You’re getting a fatal pcie error on the root bus so the gpu is disconnected. Please try reseating the gpu in its slot, try a different slot, check for a bios upgrade, check/replace mainboard.
[ 695.203791] pcieport 0000:00:02.0: AER: Uncorrected (Fatal) error received: id=0010
[ 695.203805] pcieport 0000:00:02.0: PCIe Bus Error: severity=Uncorrected (Fatal), type=Transaction Layer, id=0010(Receiver ID)
[ 695.203811] pcieport 0000:00:02.0: device [8086:6f04] error status/mask=00000020/00000000
[ 695.203815] pcieport 0000:00:02.0: [ 5] Surprise Down Error (First)
[ 695.203821] pcieport 0000:00:02.0: broadcast error_detected message
[ 695.203825] nvidia 0000:02:00.0: device has no AER-aware driver
[ 695.830814] NVRM: GPU at PCI:0000:02:00: GPU-b4e8ed5d-9b8a-c48c-1ecd-aac240753b23
[ 695.830817] NVRM: Xid (PCI:0000:02:00): 79, pid=29245, GPU has fallen off the bus.
[ 695.830819] NVRM: GPU 0000:02:00.0: GPU has fallen off the bus.
[ 695.830836] NVRM: GPU 0000:02:00.0: GPU serial number is \xffffffff\xffffffff\xffffffff\xffffffff\xffffffff\xffffffff\xffffffff\xffffffff\xffffffff\xffffffff\xffffffff\xffffffff\xffffffff\xffffffff\xffffffff\xffffffff\xffffffff\xffffffff\xffffffff\xffffffff\xffffffff\xffffffff\xffffffff\xffffffff\xffffffff\xffffffff\xffffffff\xffffffff\xffffffff\xffffffff\xffffffff\xffffffff\xffffffff\xffffffff\xffffffff\xffffffff\xffffffff\xffffffff\xffffffff\xffffffff\xffffffff\xffffffff\xffffffff\xffffffff\xffffffff\xffffffff\xffffffff\xffffffff\xffffffff\xffffffff\xffffffff\xffffffff\xffffffff\xffffffff\xffffffff\xffffffff\xffffffff\xffffffff\xffffffff\xffffffff\xffffffff\xffffffff\xffffffff\xffffffff\xffffffff\xffffffff\xffffffff\xffffffff\xffffffff\xffffffff\xffffffff\xffffffff\xffffffff\xffffffff\xffffffff\xffffffff\xffffffff\xffffffff\xffffffff\xffffffff\xffffffff\xffffffff\xffffffff\xffffffff\xffffffff\xffffffff\xffffffff.

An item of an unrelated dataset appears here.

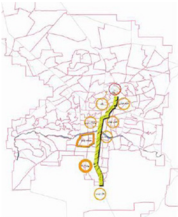
تصویر ۴. هفت محور مورد شناسایی‌شده در شهر اصفهان.

در خصوص سامان‌بخشی محله جویباره، سازمان‌های ذی‌ربط اقدام به سنگ‌فرش کردن برخی از کوچه‌های جویباره و بدنه‌سازی، مرمت دیوار خانه‌ها، بهسازی فضای مناره‌ها و مرمت آنها، تعریض برخی کوچه‌ها و ایجاد پارک و فضای سبز و نوسازی حسینییه و مراکز مذهبی، از جمله کارهای انجام‌شده در محله جویباره است. عدم
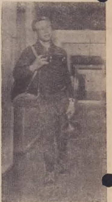
Снимок № 6

—К бытовым удобствам общежития, — добавляет комендант, — относится и то, что на каждом этаже имеется кухня-кубовая, оснащенная установкой для горячей воды, плитой и холодильником. На каждом этаже туалеты, умывальные. Новому дому — новый быт. С введением пропускной системы заметно улучшится дисциплина в общежитии, посторонние могут войти в общежитие, только по предъявлению у-

[ 695.830844] NVRM: A GPU crash dump has been created. If possible, please run
NVRM: nvidia-bug-report.sh as root to collect this data before
NVRM: the NVIDIA kernel module is unloaded.
[ 696.207412] pcieport 0000:00:02.0: Root Port link has been reset
[ 696.207422] pcieport 0000:00:02.0: AER: Device recovery failed
Thanks for the advice. What do you mean by “check for a bios upgrade”. I have googled a lot, it doesnot have so mant satisfied answers. Can you make it more specificly?
Dear sir, may I ask how you solved your problem eventually? I think I got exactly the same problem as you. After trying a lot of approaches mentioned in previous posts, I still got the same problem. Thank you very much.
Hi, I’ve now came across the same question, but the problem only broke up when all the gpu have been used(use part of the gpu won’t appear). Is it the same problem you’ve solved?
I had the same issue with one of the GPUs not being able to load due to some reason. After draining the specified incorrect GPU ID, the remainder of the system works perfectly. I believe the issue is caused by the connected monitor. I have four Tesla V100 GPUs, one of which is linked to the Monitor.
You should see the very detailed log of the bug report. Many different bugs may result the same output in your terminal. You can always find the real reason in the log report.